We address the challenge of relighting a single image or video, a task that demands precise scene intrinsic understanding and high-quality light transport synthesis. Existing end-to-end relighting models are often limited by the scarcity of paired multi-illumination data, restricting their ability to generalize across diverse scenes. Conversely, two-stage pipelines that combine inverse and forward rendering can mitigate data requirements but are susceptible to error accumulation and often fail to produce realistic outputs under complex lighting conditions or with sophisticated materials. In this work, we introduce a general-purpose approach that jointly estimates albedo and synthesizes relit outputs in a single pass, harnessing the generative capabilities of video diffusion models. This joint formulation enhances implicit scene comprehension and facilitates the creation of realistic lighting effects and intricate material interactions, such as shadows, reflections, and transparency. Trained on synthetic multi-illumination data and extensive automatically labeled real-world videos, our model demonstrates strong generalization across diverse domains and surpasses previous methods in both visual fidelity and temporal consistency.

Figures (10)

• Figure 1: Given an input image (top left) or video, our method jointly estimates albedo (bottom left) and synthesizes relit videos with novel lighting conditions using provided HDR probes. Notably, our estimated albedo maps effectively demodulate shadows and specular highlights, while the relit images exhibit plausible shadows and specular highlights.
• Figure 2: Method overview.
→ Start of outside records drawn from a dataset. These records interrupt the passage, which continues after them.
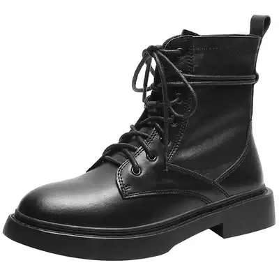 Leather Martin Boots Women Black 2020 English Wind Flat Spring and Autumn Single Boots Small Short Boots Slim Boots
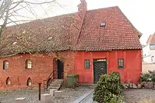 Ved den nordlige gavl er opført et bindingsværkshus.[4]
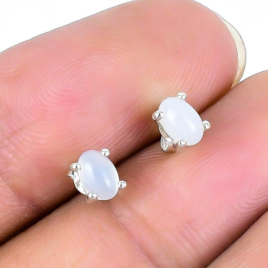 Rainbow Moonstone Stone 925 Solid Silver Stud Post Engagement Earrings Jewelry

Given an input video $\mathbf{I}$ and a target lighting configuration $(\textbf{E}_{\text{ldr}}, \mathbf{E}_{\text{log}}, \mathbf{E}_{\text{dir}})$, our method jointly predicts a relit video $\hat{\mathbf{I}}_E$ and its corresponding albedo $\hat{\mathbf{a}}$. We use a pretrained VAE encoder-decoder pair $(\mathcal{E}, \mathcal{D})$ to map input and output videos to a latent space. The latents for the target relit video and albedo are concatenated along the temporal (frame) dimension with the encoded input video. Lighting features $\mathbf{h}^{\mathbf{E}}$, derived from the environment maps, are concatenated along the channel dimension with the relit video latent. A finetuned DiT video model denoises the joint latent according to Equation \ref{['eq:denoiser']}, enabling consistent generation of both relit appearance and intrinsic decomposition.
• Figure 3: Qualitative comparison on the synthetic dataset and MIT multi-illumination dataset. Our method produces high-quality inter-reflections and shadows in synthetic scenes (top rows). Crucially, on the MIT multi-illumination dataset (bottom rows), it delivers relighting results with higher accuracy than baselines, which fail when faced with complex materials.
• Figure 4: Qualitative comparison on in-the-wild data. Our method generates more plausible results than the baselines, with higher quality and more realistic appearance.
• Figure 5: Ablation on joint modeling. Relighting results on urban street scenes. The orange and green crops highlight regions where the pure relighting model (w/o joint modeling) clearly bakes shadows from the input image into the relit result. Our joint model correctly demodulates the shadows.